結果、途中までは早足で順調に歩いていましたが、山頂まであと1時間弱という「両神神社」付近で、下山時の日暮れの事も考え、引き返す決断をされました。

その合図とともに、さぁ、下山も頑張ろうと腰を上げた時でした。新調した登山靴で靴ずれを起こしていたようで、右のかかとの皮がめくれて出血していることに気付いたのです。

登るときに比べ下山時のスピードは格段に落ち、気が付いたら周りには誰もいないことが判明しました。

登山とは精神的要素に左右されるもので、一つ不安なことが起こると、これまでの良いペースが嘘のように、まったく動けなくなることも多々あるのです。

私はその場で倒れこんでしまい、もう一歩も動くことが出来ませんでした。寒さ、痛さで気絶していたようです。

気が付いたら救急車の中で、その日休みだった主人が私の手を握っていてくれていました。

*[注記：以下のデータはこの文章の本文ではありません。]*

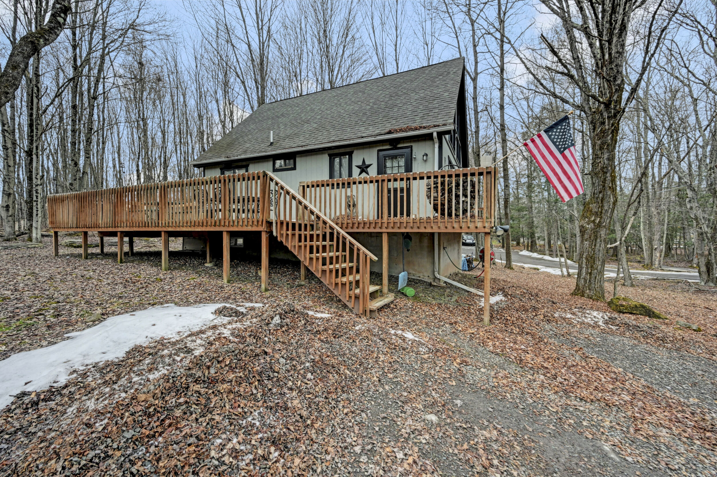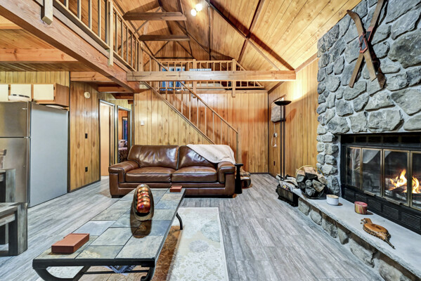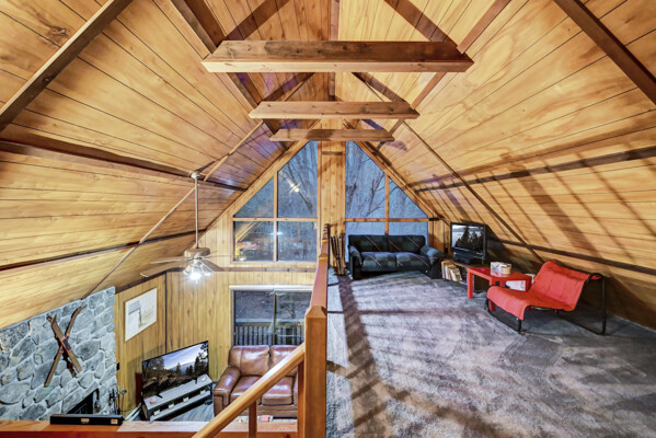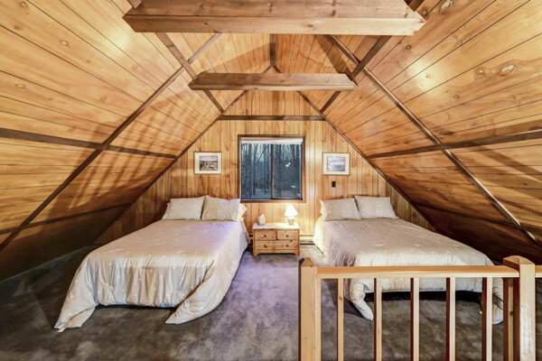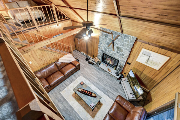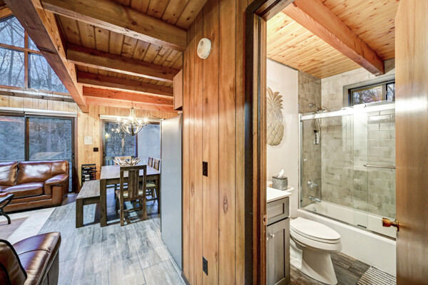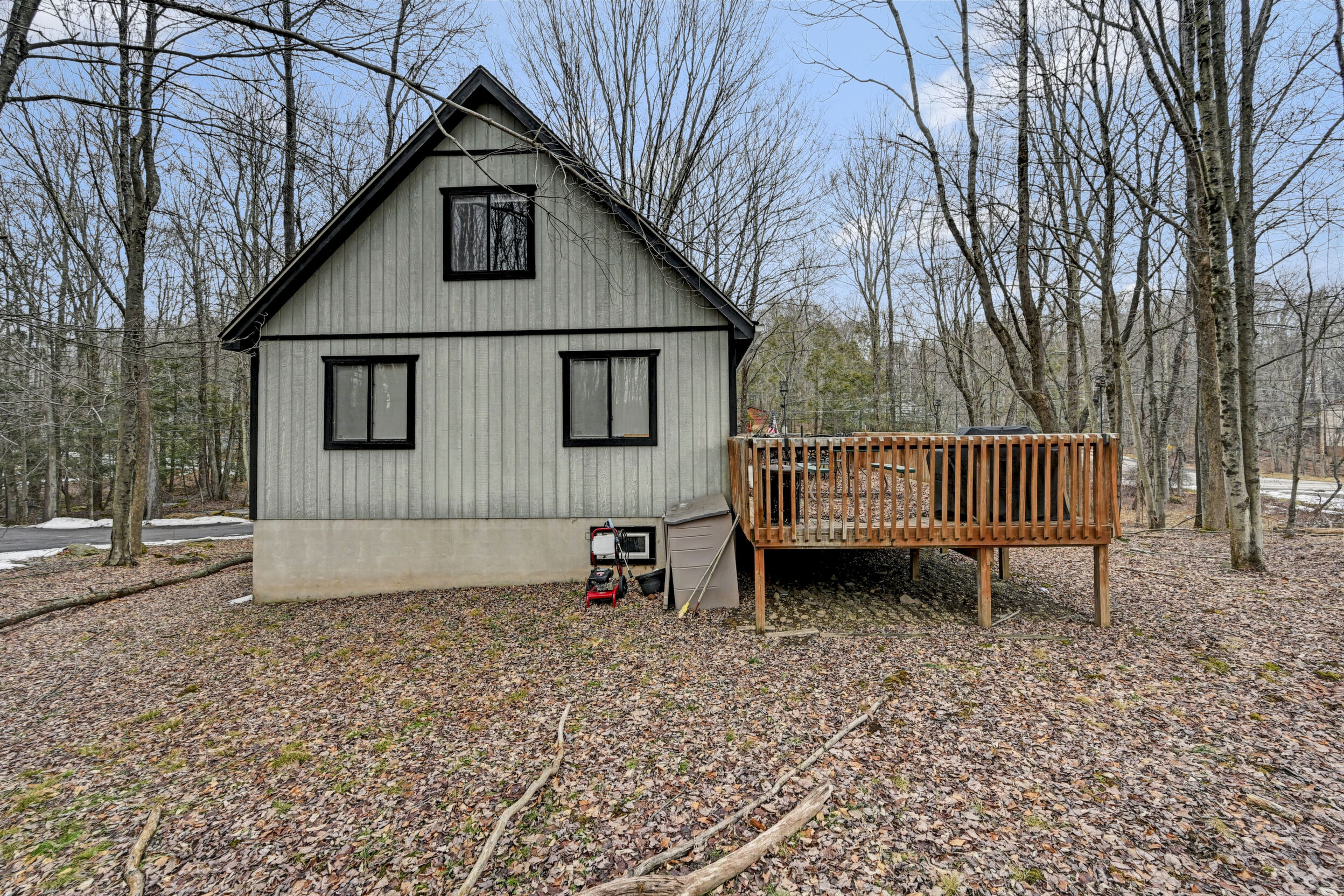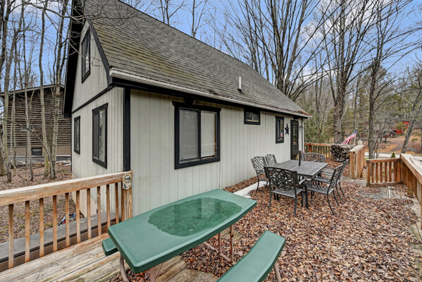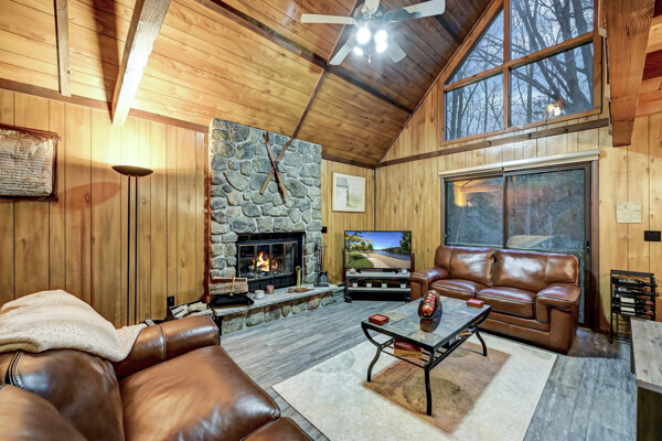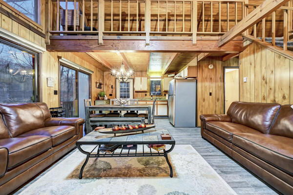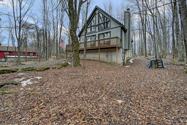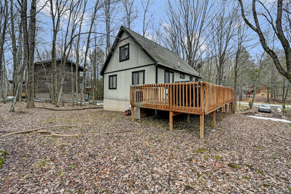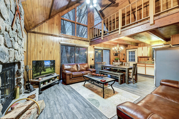 When you think of the perfect mountain chalet--this is it!Located in The Hideout, a four-season, amenity-filled community in the Northern Poconos, just two hours from the NYC, NJ, and Philadelphia metro areas, this chalet offers the ideal blend of location, charm, and lifestyle. Situated in the highly sought-after ''Golden Triangle,'' the home is a short distance to Deerfield Lake, a peaceful 24-acre non-powerboating lake, and conveniently close to other top amenities including the ski hill, art center, and Roamingwood Lake, where you'll find the beach, pickleball courts, main lodge, and tiki bar.Set on a wooded lot, the home features a large deck perfect for enjoying the natural surroundings. Inside, a spacious 3/4 loft provides excellent additional sleeping space and overlooks the living room below, enhancing the classic chalet feel. The living room showcases a beautiful stone fireplace, high ceilings, and an open layout that highlights the loft above. Tile flooring runs throughout the main level, which also includes a beautifully updated full bathroom.The finished walk-out lower level offers even more living space with tile flooring throughout and a flexible, open layout that includes a den area, large recreation space, an additional den/game room, and a second full bathroom.This is mountain living at its best--perfect as a getaway, investment, or full-time retreat in one of the Poconos' most desirable communities.
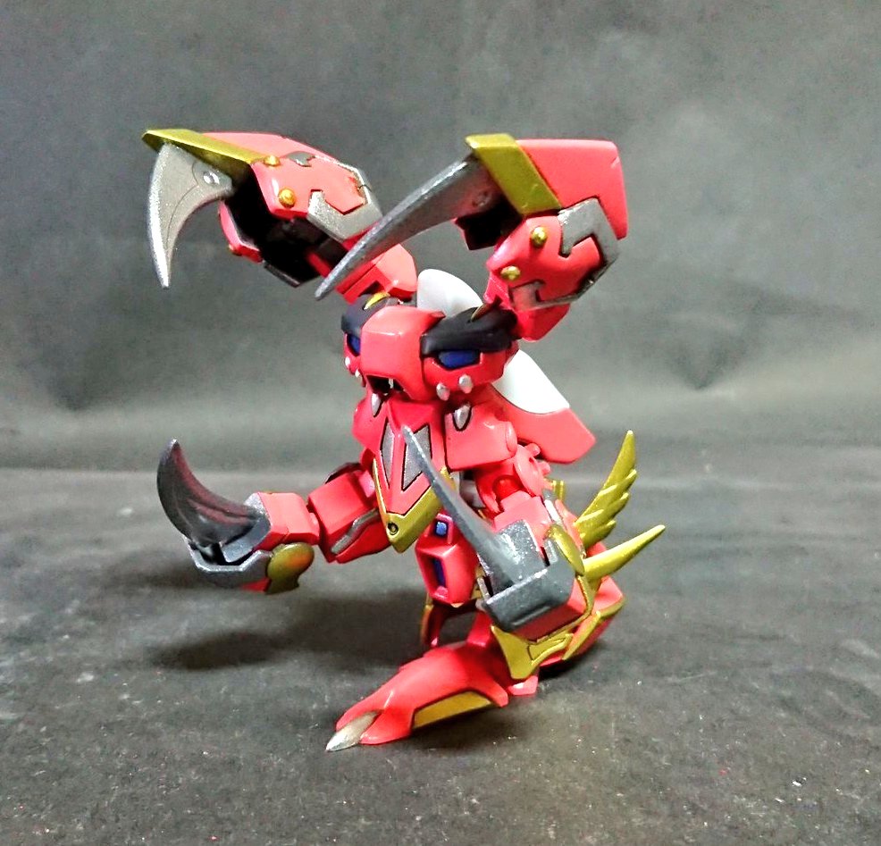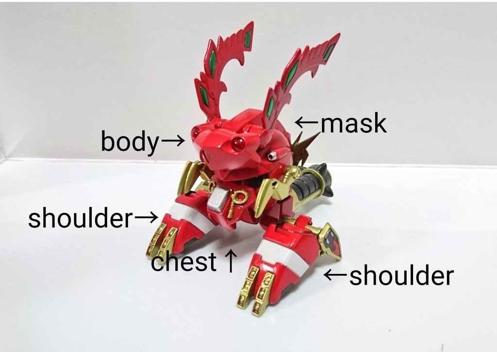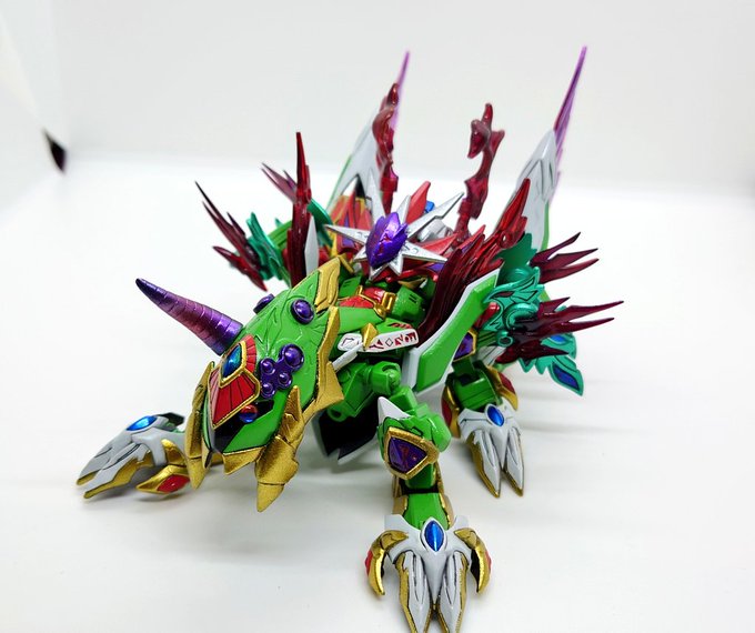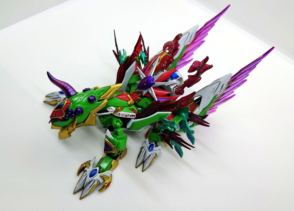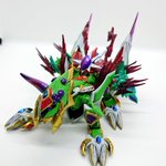 神獣形態 最初は『ティーゲル』形態の予定だったのですが モチーフはトカゲです。 四つん這いで変形も面白みがないかな?と思いブリッジ態勢で変形していますw ちなみに余剰パーツはなんとゼロです!! #七人の欠落した超将軍

聞くと、私がバスに戻ってこないことに気付いた添乗員さんが警察に連絡をしてくれていました。

そしてバスまであと数百メートルというところで倒れている私を発見したようなのです。発見された当時は軽い低体温症で、発見が遅かったら大事になっていかもしれないと、主人から伝えられました。

両神山での遭難 その反省点

まず何よりも、私自身、山を甘く見ていたことが大きな反省点です。バスツアーなので安全だと思い込みし、自分で山の下調べも何もしなかったのは問題だと実感しました。

少なくとも既述の装備に関しては、例えばもう少し身近なハイキング程度でまずは慣らしてみるなど、より万全の準備が望まれると思います。

集団で登ろうが個人で登ろうが、登頂して無事に帰ってくるのは登山者の自己責任です。他の方に迷惑をかけないためにも、「その山の下調べ」と「使い慣れた装備の準備」は何よりも重要だと改めて感じた、初めてのバスツアー体験でした。

体験者 東京都 K.S

編集者補記

ツアーを組むなら、せめて最後尾にも人員を配置するのが常識ではないかと思います。そして、先頭と最後尾には、連絡網も必要です。このような安易なツアーは、単独より危険です。最近、大きな死亡事故などを誘発しているのも、この安易さに原因があるのではないでしょうか?